In a first aspect, the present application provides an anti-interference method for a downlink control channel, including the following steps:

dividing continuous N RBs into M groups, and measuring interference in real time to obtain an interference measurement value of each RB group;

comparing the interference measured value of each RB group with a preset threshold value, wherein the RB group higher than the threshold value is an unavailable RB group, and the RB group lower than the preset threshold value is an available RB group;

and removing the unavailable RB group in the N RBs, and allocating the resource position of the downlink control channel by using the rest RBs.

Preferably, further comprising the steps of:

measuring the interference of each RB group for multiple times in a preset interference detection period;

the interference measurement value is an average value obtained by carrying out multiple measurements in an interference detection period.

Preferably, the interference detection period and/or the threshold value are configured by higher layer signaling.

The method according to any one of the embodiments of the first aspect of the present application, applied to a network device, includes the following steps:

dividing the continuous N RBs into M groups, and measuring interference in real time to obtain an interference measurement value of each RB group;

comparing the interference measured value of each RB group with a preset threshold value, wherein the RB group higher than the threshold value is an unavailable RB group, and the RB group lower than the preset threshold value is an available RB group;

and removing the unavailable RB group in the N RBs, and allocating the resource position of the downlink control channel by using the rest RBs.

Preferably, further comprising the steps of:

and transmitting an MIB message, wherein the MIB message comprises indication information of the available RB group or the unavailable RB group.

The method according to any one of the embodiments of the first aspect of the present application, applied to a terminal device, includes the following steps:

and receiving a MIB message, wherein the MIB message comprises indication information of an available RB group or an unavailable RB group.

Further, the terminal device removes the unavailable RB group from the N RBs, determines the downlink control channel resource location using the remaining RBs, and then receives the information of the downlink control channel.

In a second aspect, the present application further provides a network device, configured to implement the method in any one of the first aspects of the present application.
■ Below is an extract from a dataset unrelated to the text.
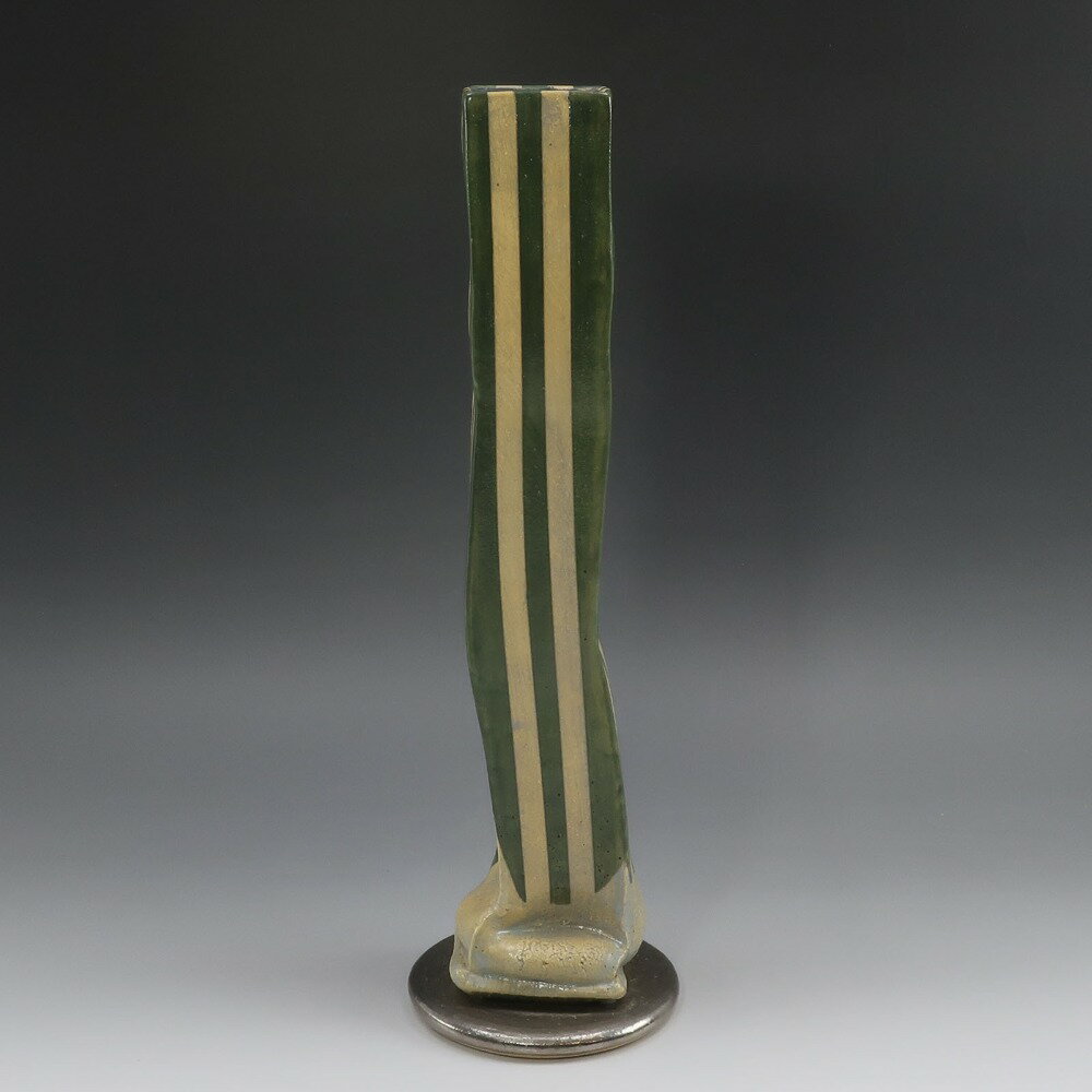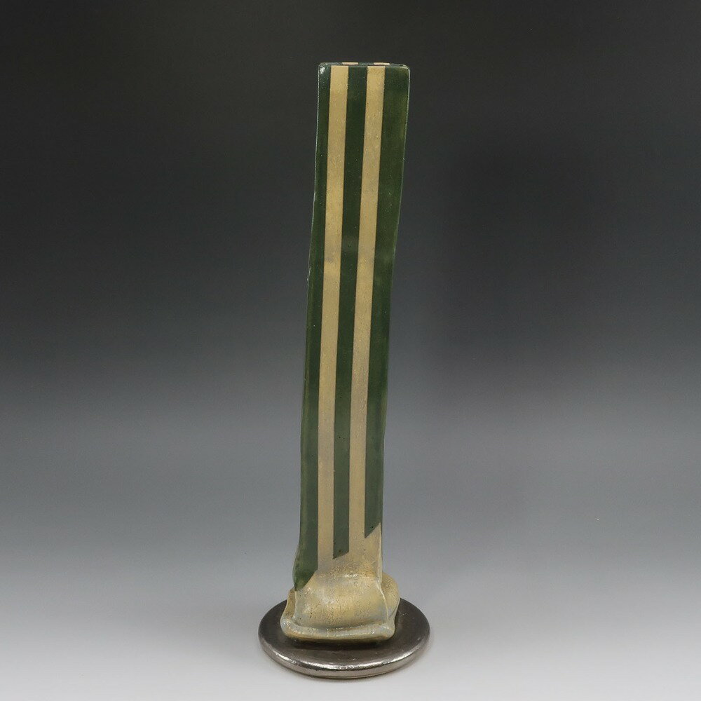 柳原睦夫 作 【 オリベ手 筒花瓶 】 花瓶 陶磁器 Oribe-style cylindrical vase by Yanagihara Mutsuo _【中古】Aランク

The network equipment is used for dividing the continuous N RBs into M groups, and measuring interference in real time to obtain an interference measurement value of each RB group; the network device is further configured to compare the interference measurement value of each RB group with a preset threshold, where an RB group higher than the threshold is an unavailable RB group, and an RB group lower than the preset threshold is an available RB group; the network device is further configured to remove an unavailable RB group from the N RBs, and allocate a downlink control channel resource location using the remaining RBs.

In a third aspect, the present application further provides a terminal device, configured to implement the method in any embodiment of the first aspect of the present application. The terminal device is configured to remove an unavailable RB group from the N RBs, determine a resource location of a downlink control channel using the remaining RBs, and receive information of the downlink control channel.

In a fourth aspect, the present application further provides a mobile communication device, including: memory, a processor and a computer program stored on the memory and executable on the processor, the computer program, when executed by the processor, implementing the steps of the method according to any one of the embodiments of the first aspect of the application.

In a fifth aspect, the present application also proposes a computer-readable medium on which a computer program is stored, which computer program, when being executed by a processor, carries out the steps of the method according to any one of the embodiments of the first aspect of the present application.

In a sixth aspect, the present application further provides a mobile communication system, including the network device according to any embodiment of the present application and the terminal device according to any embodiment of the present application.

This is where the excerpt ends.